Bismillahirrahmanirrahim
Artikel ini tercipta berawal saat aku yang sedang semangat-semangatnya
untuk membuat blog namun belum tahu konten apa yang akan aku buat. Kemudian aku mencoba mencari inspirasi dengan
membuka blog dari beberapa public figure Yang sudah lama menapak dunia
blog dengan karya-karyanya yang inspiratif. Singkat cerita aku membaca sebuah
artikel milik Gita savitri devi (see : Ketika Realita Berasa Mimpi Posted on July 24, 2018). Dalam artikel tersebut aku menjumpai kata
Jumawa yang asing bagiku lalu aku tertarik untuk mencari dan kemudian menjadikannya
topik pada artikel ini. Seluruh isi dari artikel ini adalah pandangan secara
personal mohon untuk menyaring kembali isi dari artikel ini dan jangan
menerimanya mentah-mentah.
Jumawa, angkuh;
congkak; suka mencampuri perkara orang lain adalah sifat yang sangat mudah
mucul pada diri kita banyak faktor yang dapat menjadi pemicunya.

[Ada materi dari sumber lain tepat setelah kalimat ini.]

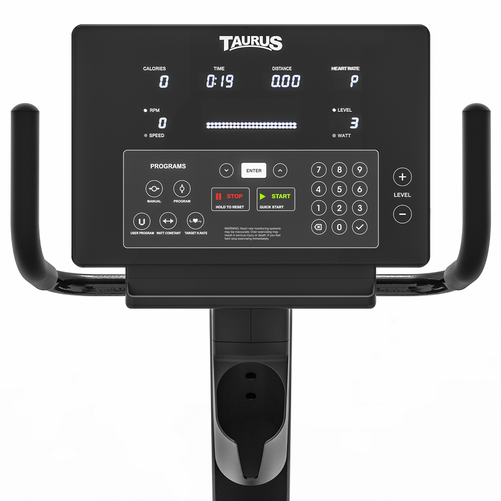 Display readouts: Time, speed, distance, calories, heart rate, RPM, resistance, watts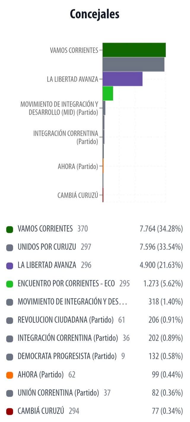 A continuación compartimos los números finales exhibidos por la Junta Electoral de la Provincia de Corrientes.

Syekh Nawawi al-Bantani dalam kitab Maroqil
Ubudiyah menyebutkan tujuh hal yang berpotensi menjerumuskan manusia pada
sifat jumawa.
Pertama,
ilmu pengetahuan. Orang yang memiliki ilmu memiliki potensi terserang penyakit
sombong. Karena bencana ilmu adalah kecongkakan.
Kedua,
amal dan ibadah. Ulama dan ahli ibadah memungkinkan masuk dalam tiga tingkat
kesombongan. Kesombongan yang pertama ialah kesombongan yang terdapat pada
hatinya.
Ia merasa lebih baik dan telah beribadah lebih
banyak dibanding yang lain. Orang seperti ini di dalam hatinya akan tertanam syajaratul
kibar (pohon kesombongan).
Kesombongan yang kedua yaitu kesombongan yang
ditampilkan dalam perbuatannya. Seperti marah saat tidak dihormati, memalingkan
wajahnya dari orang lain dan lain sebagainya. kesombongan ketiga yang muncul
dalam perkataan.
Mengatakan kepada orang lain “siapa dia, apa
amal yang telah ia perbuat, apakah dia seorang zuhud, dan seterusnya”. Atau
berkata, “aku adalah orang yang rajin berpuasa sunah, melakukan qiyamul lail,
ilmuku lebih mumpuni karena diperoleh dari syekh ini, ini dan seterusnya”.
Ketiga,
nasab atau keturunan. Orang yang memiliki silsilah keturunan yang mulia bisa
terjerumus pada kesombongan. Ia sangat mungkin untuk merendahkan orang yang
tidak memiliki mata rantai nasab yang baik, sekalipun ia seorang alim dan baik
amalnya.
Keempat,
ketampanan atau kecantikan. Hal ini dapat menyeret pemiliknya kepada mencela
dan membuka aib atau keburukan orang lain karena merasa dirinya yang sempurna.
Kelima,
harta kekayaan. Syekh Nawawi mencontohkan seperti penguasa dengan harta
kekayaannya, pemodal dengan komoditasnya, pejabat pemerintah dengan wilayah
kekuasannya, dan orang-orang yang memperindah diri dengan pakaian dan
kendaraannya.
Keenam,
kekuatan dan menggunakannya untuk menindas yang lemah. Ketujuh,
memiliki pengikut, murid dan kerabat yang banyak. Meskipun ia sendiri tidak
memiliki kesempurnaan, akan tetapi dengan banyaknya murid dan pengikut ia bisa
terdorong bersikap sombong.
Tak bisa dipungkiri sifat Jumawa ini sangat
sulit untuk dihilangkan dari diri kita terlebih apabila ke-tujuh faktor tersebut
lekat dalam kehidupan kita sehari-hari entah itu di rumah, sekolah maupun dipergaulan
kita.
Tak perlu Jauh mengambil perumpmaan, kerap kali
dalam keluarga kita bila adik kita mencoba mengutarakan fikiran atau mencoba
berbagi sesuatu hal kepada kita terkadang muncul sikap penolakan dari kita yang
menganggap bahwa kita tentu lebih tahu darinya sehingga kita tidak bisa menjadi
pendengar yang baik.
Namun, yang menjadi menarik adalah bagaimana
kita secepat mungkin sadar ketika jumawa sudah mulai mucul dan mengambil alih
diri kita sehingga kita bisa segera sadar untuk menurunkan sedikit ego kita
untuk dapat sedikit rendah hati kepada orang lain.